Я не то чтобы рекомендую ученым провести этот эксперимент в качестве домашнего задания, но, если им любопытно узнать, на какие выверты приходится идти философам, чтобы «спасти» подобные ретроградные интуиции, они могли бы обратиться к сверхчеловечески терпеливому анализу Амбер Росс из Университета Северной Каролины, которая распутывает всю эту неразбериху в своей докторской диссертации 2013 года Inconceivable Minds («Немыслимый ум»).

Демонстрирует ли «трудная проблема сознания» необходимость крупной революции в науке (если сознание вообще когда-нибудь удастся объяснить)? Или она лишь иллюстрирует слабости человеческого воображения? Этот вопрос сейчас не решен, и поэтому ученым следует держаться осторожного курса, который откладывает все согласования на будущее. Именно так большинство нейрофизиологов относятся к экстрасенсорному восприятию и психокинезу – осторожно предполагая, что это фикции воображения.

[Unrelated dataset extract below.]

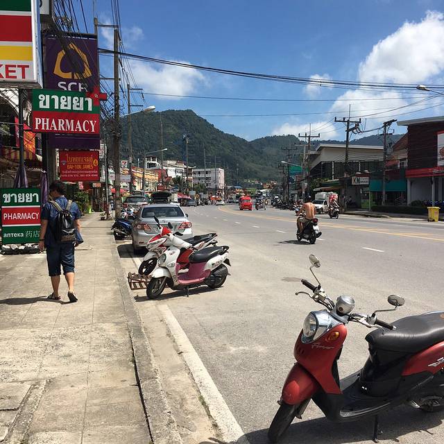在我们住的旁边就有一个租车的地方,250泰铢一天,我怎么砍价都不便宜,真心没办法,就把车给租了,然后我们就骑着小摩托上路,中午是在江西冷购物中心一层那里吃的,他家饭真心不错,所以在走的时候拍了张照片!

Нервные корреляты сознанияСьюзан Блэкмор

Психолог, автор книги Consciousness: An Introduction («Сознание: введение»).

Сознание – горячая тема в нейрофизиологии, и некоторые из самых блестящих ученых охотятся за нервными коррелятами сознания (neural correlates of consciousness, NCC) – но они их никогда не найдут. Имплицитная теория сознания, которая лежит в основе этого поиска, ошибочна и должна быть отправлена в отставку.

Идея NCC довольно проста и интуитивно соблазнительна. Если мы верим в «трудную проблему сознания» – загадку о том, как субъективный опыт возникает из объективных событий, происходящих в мозге (или создается, или производится ими), – то мы можем легко вообразить, что в мозге есть особое место, где это происходит. А если такого особого места нет, то, значит, есть некий «нейрон сознания», или процесс, или схема, или серия связей. Может быть, мы и не найдем достоверного ответа на вопрос о том, как эти объективные вещи производят субъективный опыт, но если мы определим, какая из них за это отвечает (таков ход мысли), мы на шаг приблизимся к разгадке.

Это звучит в высшей степени здраво, потому что здесь мы следуем по наторенной научной дорожке: начинаем с корреляций и потом переходим к объяснениям причин. Проблема в том, что этот подход зависит от дуалистической – и совершенно неработоспособной – теории сознания. В основе этой теории лежит интуитивная догадка о том, что сознание – это нечто внеположное, нечто дополнительное и отличное от физических процессов, от которых оно зависит. Поиск NCC основывается на этом дуализме. С одной стороны, вы измеряете нервные процессы, используя электроэнцефалографию, МРТ или другие виды сканирования мозга, а с другой – измеряете субъективные опыты или «сознание как таковое». Но как вы это делаете?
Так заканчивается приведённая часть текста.